Some dealers in nagpur have quoted me 1)9.8k for zotac 750ti 2 GB oc edition 
2)8.6k for sapphire R7 260x 2 GB oc edition 
Which is the best bang for my buck for next 3 years of 1080p gaming ? Also Pls tell me which is or might be most stable ? (don't want to start an amd vs nvidia war here) 

Btw I can even wait till august if something better arrives for my budget. 

1)Which Power Supply do you have? (Be EXACT while naming the company and model)
Ans: Antec vp550p

2. What is your budget?
Ans: 10k max 

3. Which resolution will you game at?
Ans: 1080p

4. What are your current computer specifications?
Ans: i5 4440 (I was a noob....... Should have bought an Fx 6300 and saved some more money for better gfx) 
Gigabyte b85m-d3h
Corsair vengeance 4 GB
Deepcool tesseract sw
Dell s2240l 22 inch
Antec vp550p
Logitech mk220


----------



## SaiyanGoku (Mar 13, 2015)

Forget them both for 1080p gaming. You'll have to spend around 16-17k for GTX 960 if you want to play games at FHD resolution for next 3 years.


----------



## Akshay Biyani (Mar 13, 2015)

SaiyanGoku said:


> Forget them both for 1080p gaming. You'll have to spend around 16-17k for GTX 960 if you want to play games at FHD resolution for next 3 years.


Even at low settings 1080p ?  Seriously now consoles seems better option


----------



## SaiyanGoku (Mar 13, 2015)

Akshay Biyani said:


> Even at low settings 1080p ?  Seriously now consoles seems better option



What's the point of playing games at low settings on a new PC? 

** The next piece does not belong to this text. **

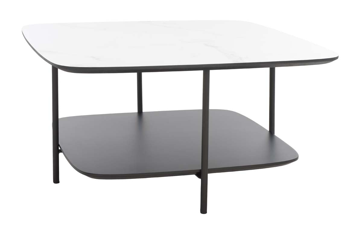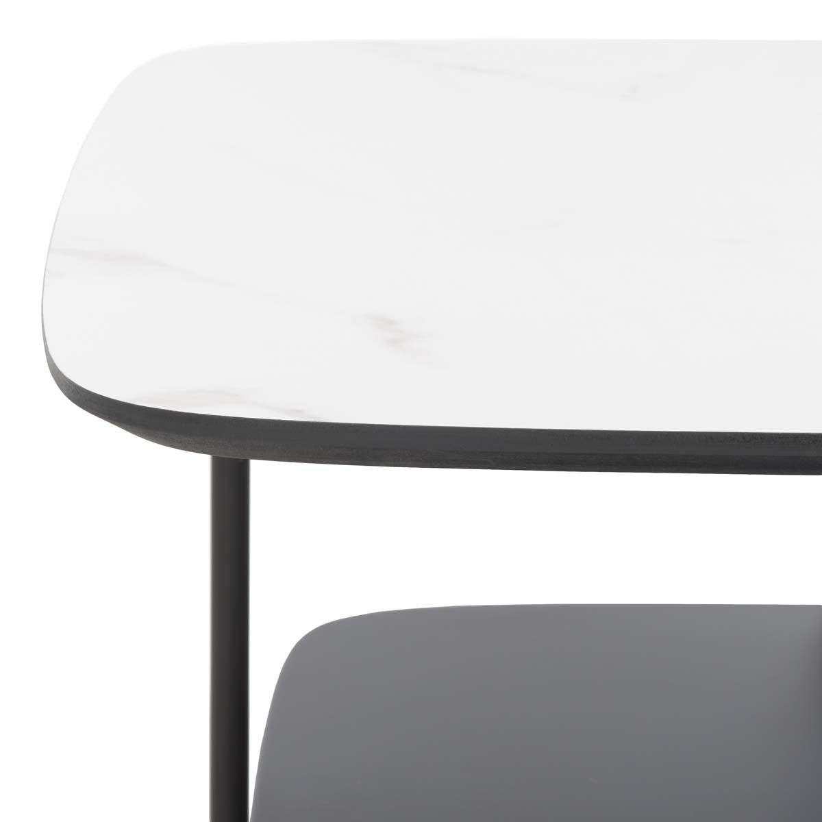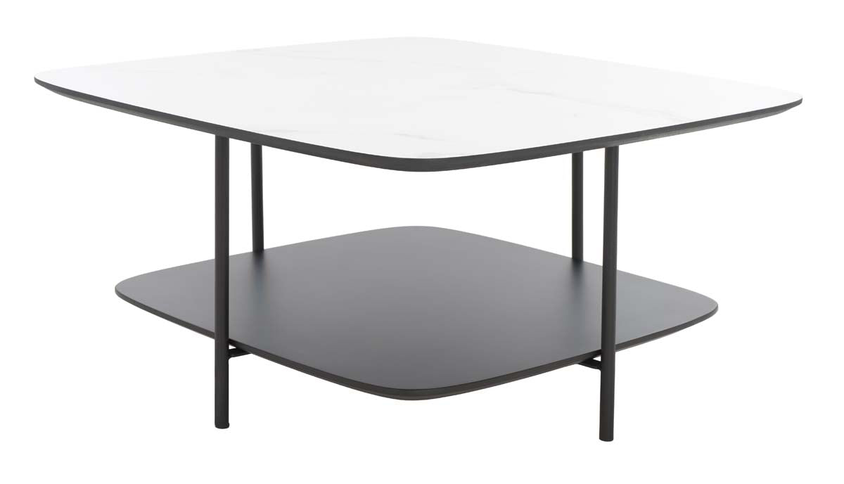 Enrich Any Room With This Anzia Coffee Table, Boasting A Skillful Blend Of Sleek Modern Minimalism And Contemporary Elegance. Two Asymmetrical Tiers Are Ideal For Storage And Display In The Living Room While Providing Unique Tonal Intrigue With Its White Marble Finished Top And Jet Black Lower Shelf.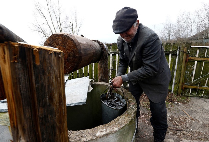 Из этого колодца, который находится у него во дворе, 90-летний дедушка набирает воду.

Anyway, 750 Ti is at the end of its life cycle and will be replaced by 950/950 Ti in coming months.


----------



## kamikaz (Mar 13, 2015)

Best Budget Graphics Cards - Entry-Level GPUs
This link gives more or less what you want, as per them both the cards offer similar performance and will allow you to play 1080p at medium settings (not all games)

But if you are looking to future proof your system, you'll have to increase your budget I guess

It's also worth while to say what games you are planning to play, if it's something like dota 2 I think those cards are more than enough


----------



## bssunilreddy (Mar 14, 2015)

Just see the difference in performance between similar cards like R7 265 vs. 750ti and decide for yourself.


*i.imgur.com/XxvZ8tf.png

*i.imgur.com/gPdJXxc.png

Source: HardOCP.


----------